INSTRUCTIONS TO FOLLOW
Each entry below needs to be transcribed verbatim; the images should not appear.

### SUPPLIED MATERIAL

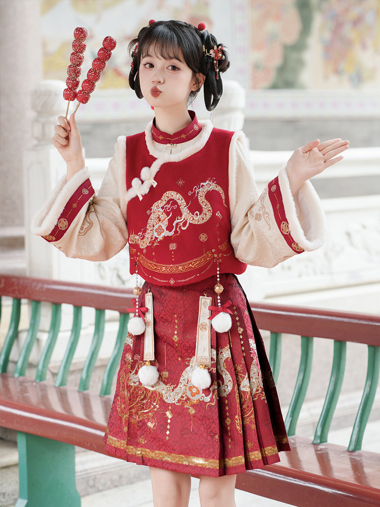Original Chinese Brand Lingshen Xiancai (Snake Bringing Wealth) Chinese-Style Short Vest with Han Elements Mamian Skirt New Year Red Greeting Dress
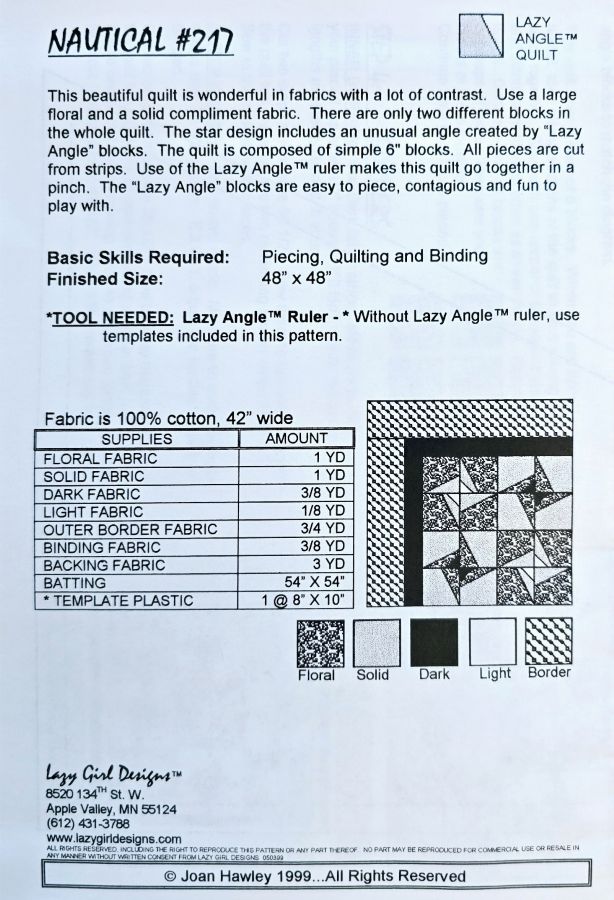 Use fabrics with a strong contrast for the Nautical Quilt using the Lazy Angle Ruler. There are only two different blocks for the entire quilt. Simple 6" Blocks makes it an easy quilt for beginners too.
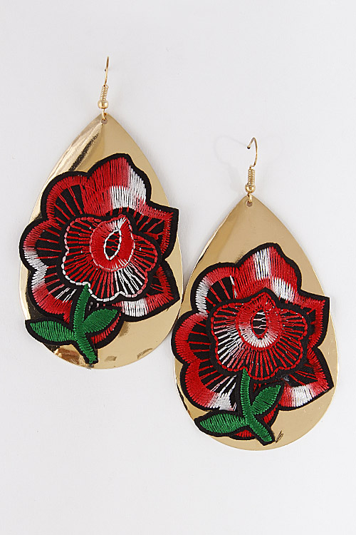 - * Flat Metallic Earrings With Charming Rose 7ECC3 * 2 X 3.8" approx.
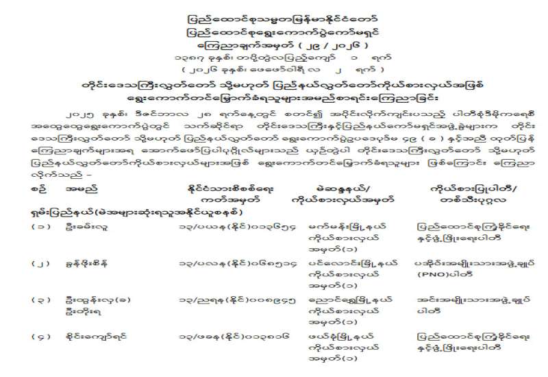 တိုင်းဒေသကြီးလွှတ်တော် သို့မဟုတ် ပြည်နယ်လွှတ်တော်ကိုယ်စားလှယ်အဖြစ် ရွေးကောက်တင်မြှောက်ခံရသူများ အမည်စာရင်းကြေညာခြင်း
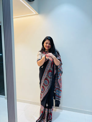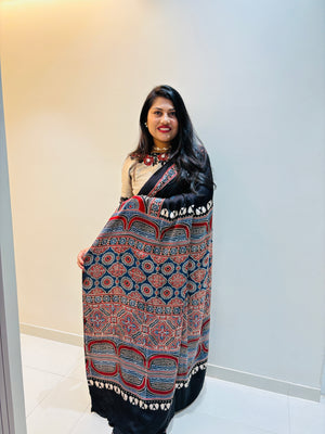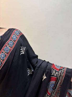 Modal Silk Ajrakh Saree With Natural Dyes- Black

######

RESULT OF THIS EXERCISE
Original Chinese Brand Lingshen Xiancai (Snake Bringing Wealth) Chinese-Style Short Vest with Han Elements Mamian Skirt New Year Red Greeting Dress
 Use fabrics with a strong contrast for the Nautical Quilt using the Lazy Angle Ruler. There are only two different blocks for the entire quilt. Simple 6" Blocks makes it an easy quilt for beginners too.
 - * Flat Metallic Earrings With Charming Rose 7ECC3 * 2 X 3.8" approx.
 တိုင်းဒေသကြီးလွှတ်တော် သို့မဟုတ် ပြည်နယ်လွှတ်တော်ကိုယ်စားလှယ်အဖြစ် ရွေးကောက်တင်မြှောက်ခံရသူများ အမည်စာရင်းကြေညာခြင်း
 Modal Silk Ajrakh Saree With Natural Dyes- Black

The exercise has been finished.